Alumna of the Year Speech at Kent State University, School of Library and Information Science, April 11, 2007

By Martha Kyrillidou

It is indeed a great pleasure and an honor to be here today in front of you as the 2007 Alumna of the Year. There are so many memories that come back to me when I recall my graduate school years here at Kent State that it will be impossible to make justice to all of them through my brief remarks, so I ask your forgiveness in advance for all that is left unsaid and I hope you will be happy with the shortness of these remarks!

KentState became a home away from home when in 1988 I left Thessaloniki, Greece, to come and study here for my library science degree for the noble purpose of changing Greek libraries. My mother still remembers the day when I left and told her ‘Don’t worry, mom, I will be back in a year.’

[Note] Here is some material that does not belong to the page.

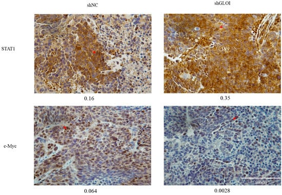 Inoculation with GLOI-depleted SW620 cells induced a significantly lower tumor burden in BALB/c nude mice than inoculation with shNC-transfected cells (Figure 9). The weights of tumors produced by shGLOI-transfected cells dissected on day 19 after inoculation were on average 60% lower than the weights of the tumors from the shNC group (p < 0.01) (Figure 9). Expression of STAT1 in GLOI-depleted tumors was 2-fold higher (p < 0.05) than in tumors from the shNC group (Figure 10A,B). Similarly, levels of p53 and Bax expression were 2.3-fold and 2.3-fold higher, respectively, in tumors generated by GLOI-depleted cells than in tumors generated by shNC-transfected cells, while c-Myc and Bcl-2 expression levels were 40% and 60% lower, respectively (p < 0.01 to 0.001) (Figure 10A,C–F). Immunohistochemical staining also showed higher IOD of expression of STAT1 and lower IOD of expression of c-Myc in tumors produced from GLOI-depleted cells than in tumors produced from shNC-transfected cells (Figure 11).

That first year was one of the richest learning experiences in my whole life -- learning a new country, new people, a new university, a new profession. In my experience KentState is the finest example of expanding educational horizons, ‘excellence in action’ as the welcoming billboard at ClevelandInternationalAirport announces to the newcomers. The Kent State School of Library and Information Science is offering a wealth of learning opportunities, and provides the best that the US higher education can offer to a student, and to the international student a sense of the uniquely warm Midwestern set of values and culture.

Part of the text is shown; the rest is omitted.